Sources of the complexity include:
1) Complex nature of survey design and weighting.
2) Large number of questions asked.
3) States can add or not ask certain questions.
4) Questions can change from year to year.
Vitalnet BRFSS -
We have developed Vitalnet BRFSS for analyzing and making better use of BRFSS data.
Vitalnet BRFSS provides the needed combination of analytical flexibility,
ease-of-use, and output capabilities, in a professional software system.
As explained below, other analysis alternatives do not even come close
to providing this needed combination.
Greatly improved data use -
Vitalnet makes much better use of BRFSS data for improving US public health.
Vitalnet will make it much easier for data analysts, researchers,
health agencies and public users to analyze BRFSS data.
B. BRFSS Vitalnet Development and Current Status
Background research -
We have appreciated the usefulness of BRFSS data for many years.
As a first step for developing the Vitalnet BRFSS module,
we carefully reviewed CDC and State BRFSS reports,
and the extensive technical documentation on the
BRFSS web site.
We also looked at existing home-grown web-based systems.
These reviews helped us better understand the nature of BRFSS data,
and how the data are currently used.
Database design -
Next, we designed a novel record-level database architecture
specially optimized for BRFSS data.
This was a key step.
The special database design results in low disk space requirements, rapid analyses, and retention of record-level detail.
Data importing -
Next, Vitalnet data importing routines were modified,
to rapidly and reliably import BRFSS data into the Vitalnet data warehouse.
New data can be imported in less than one day,
including extensive error checking.
Database engine -
Next, The Vitalnet database engine (the functions that read the database and
produce the needed results) was modified to read the new database architecture.
New functions were written to take into account BRFSS weighting and produce
the "primary statistics" needed for BRFSS data, such as "weighted % Yes".
Interface and outputs -
Next, we modified the existing Vitalnet desktop and web
interfaces to provide additional BRFSS-specific menu options.

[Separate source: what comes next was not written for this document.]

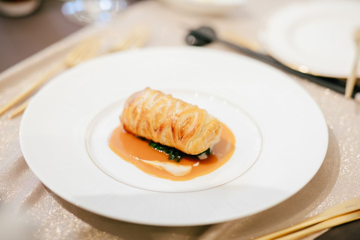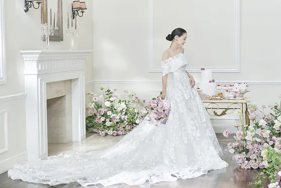 披露宴会場は、天井にシャンデリアが輝く、ラグジュアリーな雰囲気の『デビュタント ボール』です。空間を彩る装花は、グリーンとホワイトを基調に、小さめの花を中心にあしらったナチュラルなアレンジでした。全体的に控えめなデザインにされたのは、よりおふたりの姿が引き立つための工夫だそう。 お料理は、見学の際に気に入ってくださった『”手毬”平目のアンクルート』を取り入れたメニューで、皆様からも大変好評でした。

The BRFSS module uses the same "look and feel" as other Vitalnet modules,
making it easy for users to switch between data sets.
Finally, Vitalnet output formats were modified to handle the
BRFSS numerical results, and to include the BRFSS-specific
documentation needed to prevent misinterpretation of results.
Confidence intervals -
Calculating confidence intervals (CI) for BRFSS data is complex.

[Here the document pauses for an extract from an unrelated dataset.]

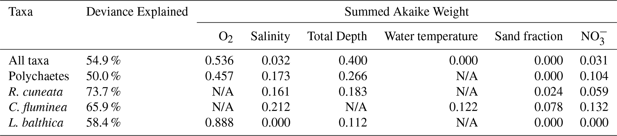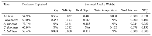 As described earlier, we initially identified eight environmental variables: O2, salinity, total depth, water temperature, sand fraction, NO, Ωarag, and Δ[O2]. To avoid multicollinearity, which can distort GAM results (Grüss et al., 2014; Grüss et al., 2018; Guisan et al., 2002), we used Pearson's correlation coefficients (r) to evaluate the linear correlation between the predictor variables. When two variables were highly correlated (r>0.7) (Dormann et al., 2013), we retained the variable that was more directly measurable and broadly understood across estuarine systems. Based on this assessment, we excluded Ωarag and Δ[O2] due to their strong correlation with other variables and retained the remaining six variables for GAM analysis. While necessary for model stability, this approach may limit the explanatory power of the GAM by excluding ecologically meaningful predictors. The full list of candidate variables and their inclusion status is provided in Table 1.

Several CI methods are available for BRFSS data.
We chose "Jackknife Replication" (JR) mainly because 1) JR can
calculate confidence intervals for any outcome, including medians,
and 2) JR is better documented and easier to understand.
Jackknife Replication -
JR recalculates the outcome, such as "% Yes", many times, each time leaving out one or a few observations, and re-weighting the remaining observations.
Each recalculation is called a "replicate".
Then, it calculates the confidence interval based on the distribution of the replicate outcomes.
The method is called "jackknife" because it is so generally useful, like a jackknife.
Taylor Series Linearization -
The other main option, "Taylor series linearization" (TS),
converts each observation to a "linearized variable".
Then, it calculates the confidence interval based on the distribution of the linearized variables.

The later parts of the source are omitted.